The discussion in the book centered around the number of FP predicted by the
model, but I'd rather look at the sensitivity (related to type II errors) and
specificity (related to Type I errors) of the predictions (and the corresponding
PPV and NPV).
In this example, the sensitivity gives us the probability of an SMS
text being classified as SPAM, when it really is SPAM. Looking at this
parameter, we see that even though the book's models do not differ much
from the `caret` models in terms of accuracy, they do worse in terms of
sensitivity. The text of the book argues that using the Laplace correction
improves prediction, but with the cross-validated models generated using
`caret` the opposite is true.
Of course, we gain in sensitivity, but we lose slightly in specificity, which in
this example is the probability of a HAM message being classified as HAM. In
other words, we increase (a bit) the misclassification of the regular SMS texts
as SPAM. But the difference between the worst and the best specificity is of the
order of 0.01 or ~1%.
## Applying the model to a different SMS SPAM dataset
Just to check if our `caret` Naive Bayes models are good enough, we will test
them against a different corpus. One described "Independent and Personal SMS Spam Filtering."[^brit_spam]
This dataset can be obtained from one of the authors site[^brit_spam_data],
as the `british-english-sms-corpora.doc` MSWORD document (retrieved on
2014-12-30). This document was converted to a text file using the
Unix/Linux `catdoc` command (`$ catdoc -aw british-english-sms-corpora.doc > british-english-sms-corpora.txt`), and then split into two
archives: one containing all the "ham" messages
(`british-english-sms-corpora_ham.txt`), and the other containing all the
"spam" message (`british-english-sms-corpora_spam.txt`).

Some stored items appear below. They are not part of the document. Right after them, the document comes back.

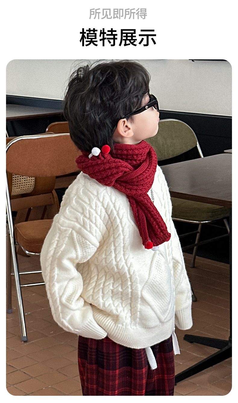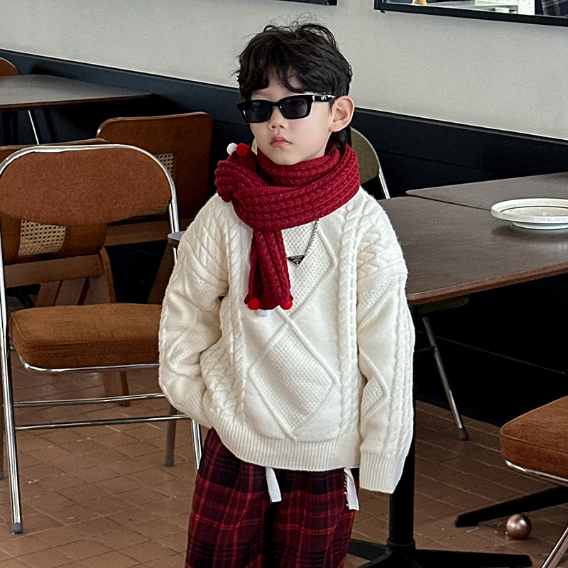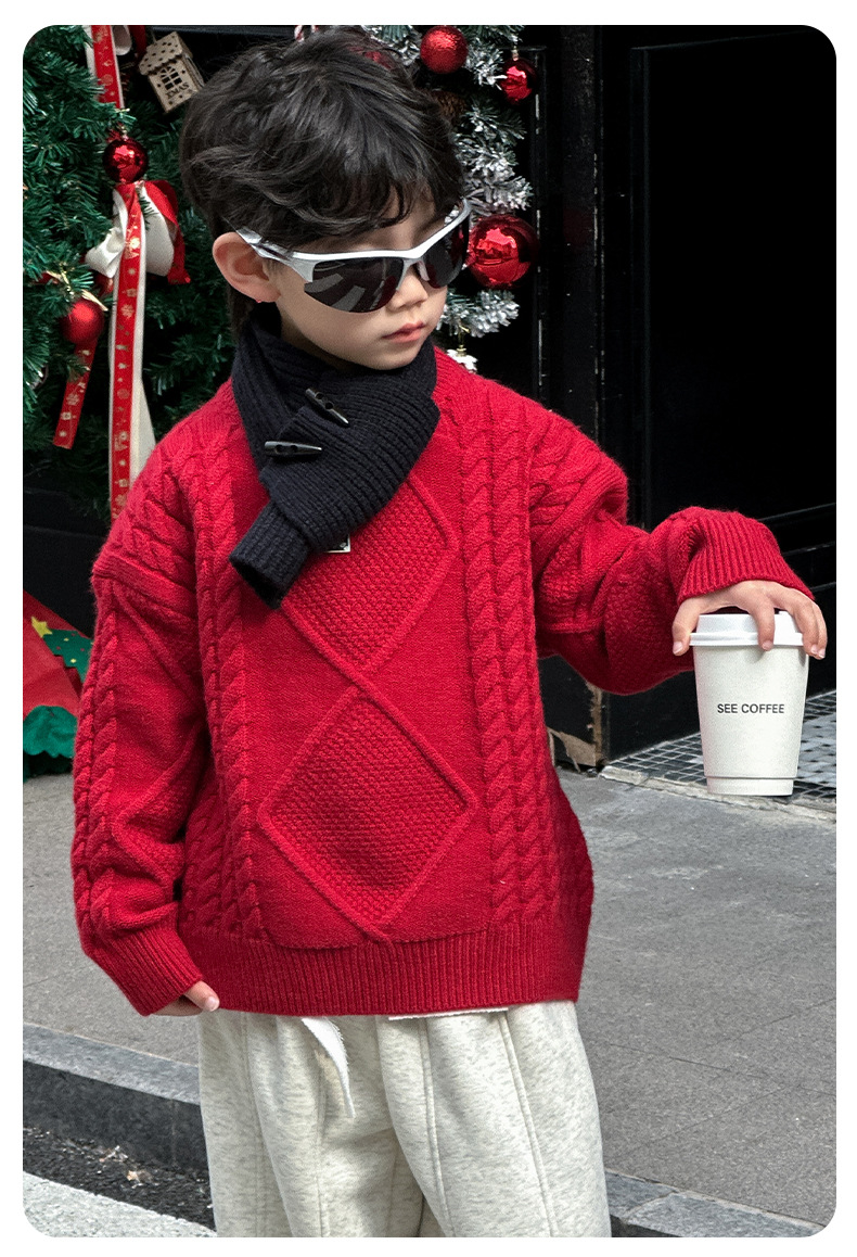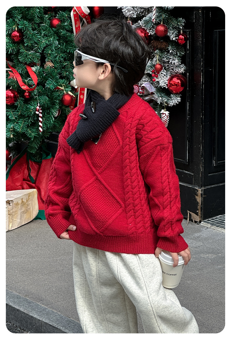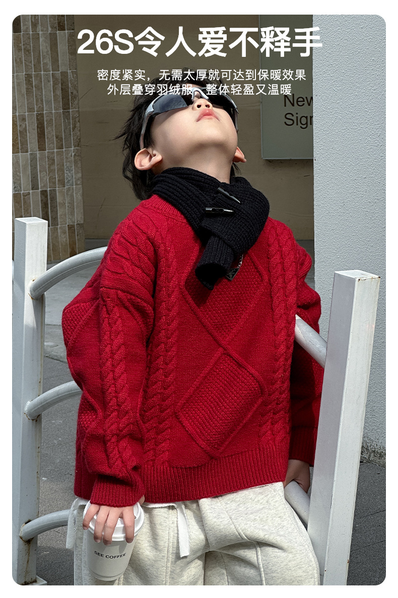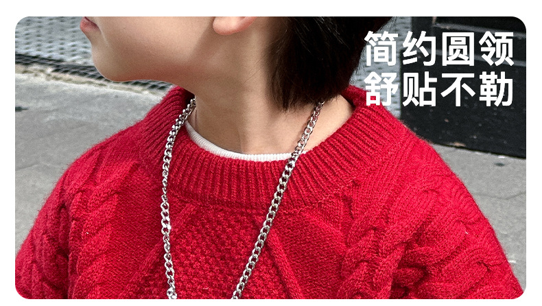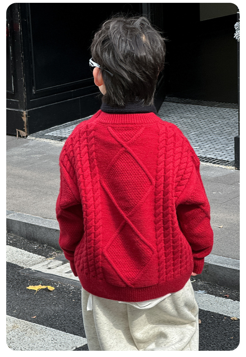 어린이용 두꺼운 보온 스웨터 2024 겨울 신상 한국 스타일 설날 의상, 중소 어린이용 세련된 스웨터, 남아용 긴팔스토어 가기
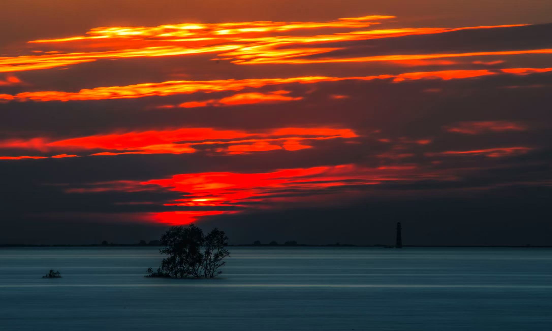 This photo captures the sunset over Dongting Lake. (Photo/Tang Xiaohua)
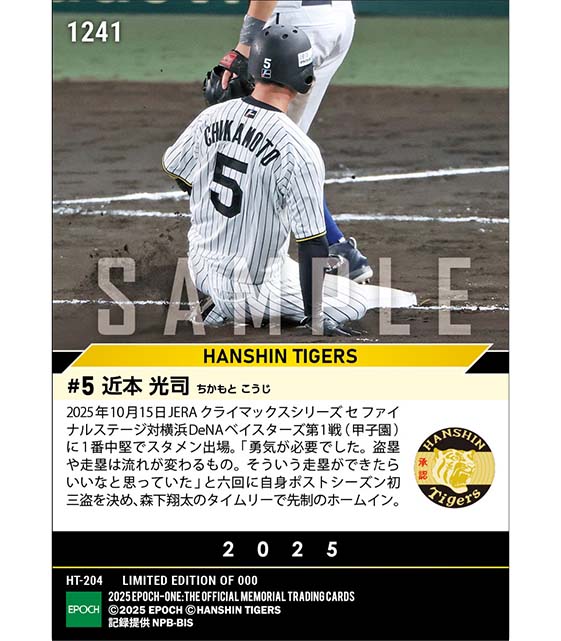 公式【近本光司】意表を突く三盗成功からの決勝生還「2025 JERA クライマックスシリーズ セ」(25.10.15) のカードを買うならエポックワン!税込・送料無料!
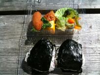 おにぎりがコンビニおにぎりの約1.5倍とジャンボサイズ。(笑) そしておかずの彩りが綺麗♪
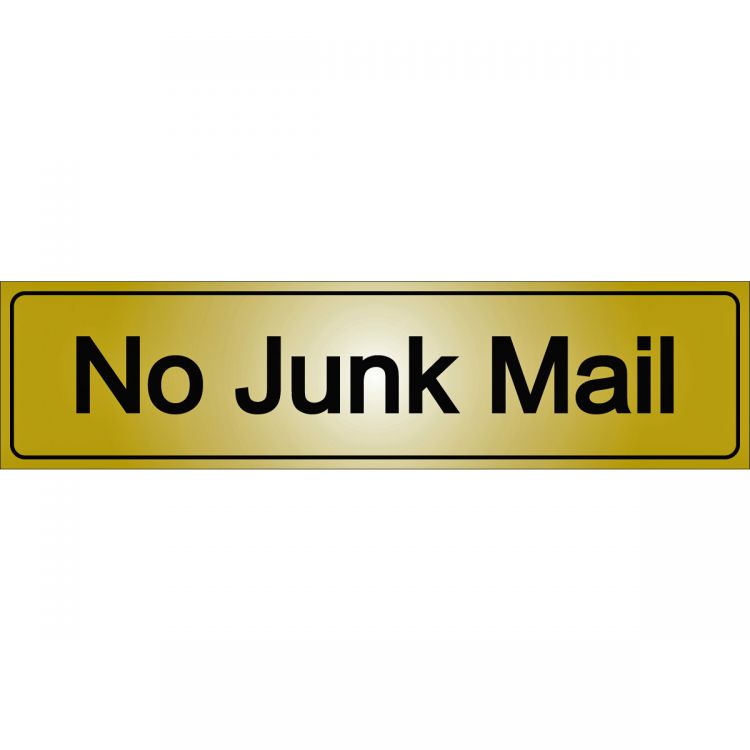 Richelieu 1150839 8" x 2" "NO JUNK MAIL" Sign

[^brit_spam]: "Independent and Personal SMS Spam Filtering." in Proc. of IEEE Conference on Computer and Information Technology, Paphos, Cyprus, Aug 2011. Page 429-435. (URL: [http://ieeexplore.ieee.org/xpl/articleDetails.jsp?reload=true&arnumber=6036805](http://ieeexplore.ieee.org/xpl/articleDetails.jsp?reload=true&arnumber=6036805))
[^brit_spam_data]: http://mtaufiqnzz.wordpress.com/british-english-sms-corpora/
These two archive were then read and combined into a data frame. The data was
randomized to get a suitable dataset for the rest of the procedures.
The proportion of the spam and ham messages can be seen in the following table.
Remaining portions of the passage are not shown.